Nonlinear elastodynamic behavior of intact and fractured rock under in-situ stress and saturation conditions

We probe mechanisms controlling the nonlinear elastodynamic response of intact and fractured rock under both fluid-saturated and dry conditions. We present the results of dynamic acoustoelastic testing (DAET) on Westerly granite in three states: dry-intact, dry-fractured and saturated-fractured to study the influence of in-situ stress, fracture and saturation state on nonlinear elastodynamic behavior. Each sample is tested at effective normal stresses from 10 to 20 MPa. Dynamic stresses of prescribed amplitudes (0.2 – 1.0 MPa) and frequencies (0.1, 1 and 10 Hz) are superimposed on the static stress field, while pulsed ultrasonic waves transit the sample and monitor stress-induced changes in wave velocity and spectral amplitude to infer sample's elastodynamic nonlinearity. Surprisingly, dry-intact rock exhibits higher nonlinearity than dry-fractured sample at all stress levels. We use numerical simulations to argue that the reduced nonlinearity is a result of the non-uniform strain field post fracture with highly strained regions on the fracture plane and weakly-strained regions in the surrounding host-rock, both leading to a nonlinearity reduction. In addition, we demonstrate that the saturated sample is less nonlinear than the dry intact except at 10 MPa normal stress, where the fracture is fairly open.

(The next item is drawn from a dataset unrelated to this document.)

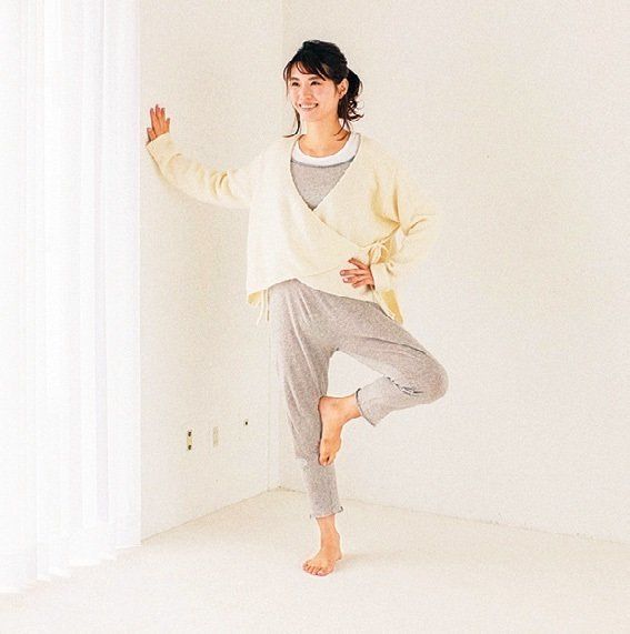 「足の筋肉を鍛えて、下半身の冷えを改善するには〝1分フラミンゴ立ち〞が効果抜群。1分ずつ片足立ちをするだけで、ウォーキング50分と同じ運動効果が!手を壁につけて行ってもOK」

The expected decrease in nonlinearity is due to increased fracture stiffness by the presence of fluid within the fracture interface. The reported in-situ measured nonlinear elastic properties along with their frequency dependencies will be of practical importance in predicting poromechanical properties of rock masses and will facilitate comparisons between the observations made in the laboratory and field scales.